• Directions for this task:
For the records below, copy exactly the span that begins at the line containing "km-0 niigata lab" and stops after the line containing "152 | SLIDO", minus any pictures.

• Working data:
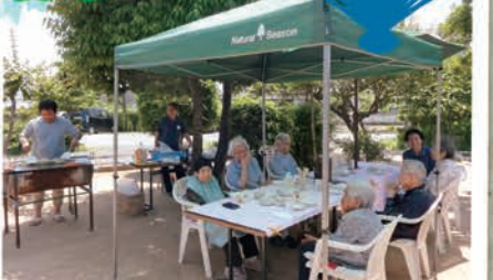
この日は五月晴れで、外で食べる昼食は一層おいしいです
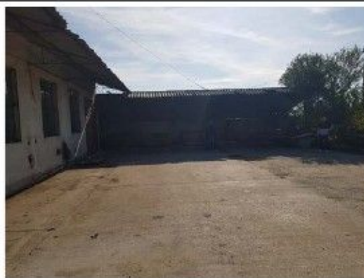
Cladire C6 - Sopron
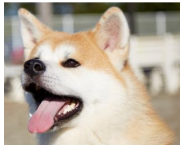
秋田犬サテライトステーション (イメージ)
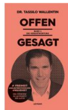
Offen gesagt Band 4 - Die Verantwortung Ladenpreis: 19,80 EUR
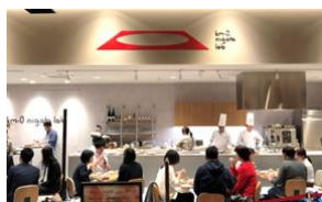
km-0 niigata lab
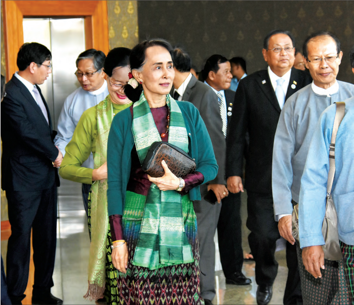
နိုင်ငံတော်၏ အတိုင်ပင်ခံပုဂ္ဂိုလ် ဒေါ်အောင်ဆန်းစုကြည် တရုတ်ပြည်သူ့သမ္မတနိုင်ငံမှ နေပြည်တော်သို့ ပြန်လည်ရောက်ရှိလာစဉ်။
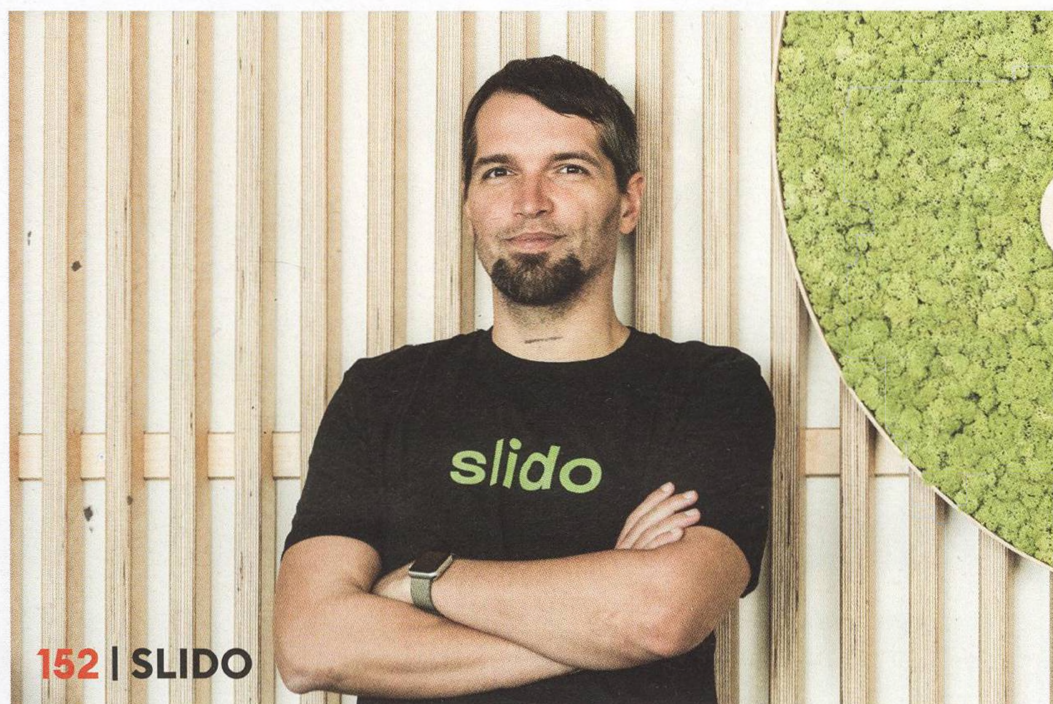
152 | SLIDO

---

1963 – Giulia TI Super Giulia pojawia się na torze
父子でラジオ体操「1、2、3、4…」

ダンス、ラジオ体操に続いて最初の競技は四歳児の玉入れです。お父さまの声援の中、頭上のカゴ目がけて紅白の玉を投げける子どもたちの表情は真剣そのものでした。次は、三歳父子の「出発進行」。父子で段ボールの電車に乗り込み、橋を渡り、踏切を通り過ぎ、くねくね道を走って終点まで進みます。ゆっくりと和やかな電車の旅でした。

---

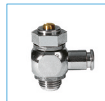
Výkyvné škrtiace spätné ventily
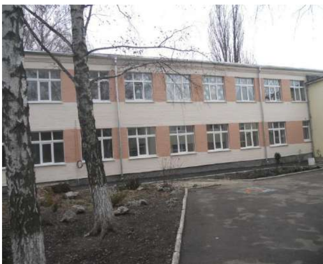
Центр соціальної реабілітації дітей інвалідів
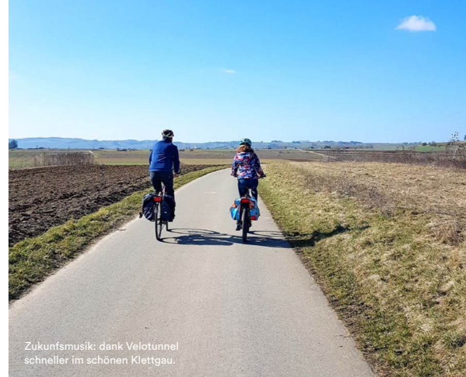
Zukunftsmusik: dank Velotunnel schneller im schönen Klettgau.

• Response to the task:
km-0 niigata lab
နိုင်ငံတော်၏ အတိုင်ပင်ခံပုဂ္ဂိုလ် ဒေါ်အောင်ဆန်းစုကြည် တရုတ်ပြည်သူ့သမ္မတနိုင်ငံမှ နေပြည်တော်သို့ ပြန်လည်ရောက်ရှိလာစဉ်။
152 | SLIDO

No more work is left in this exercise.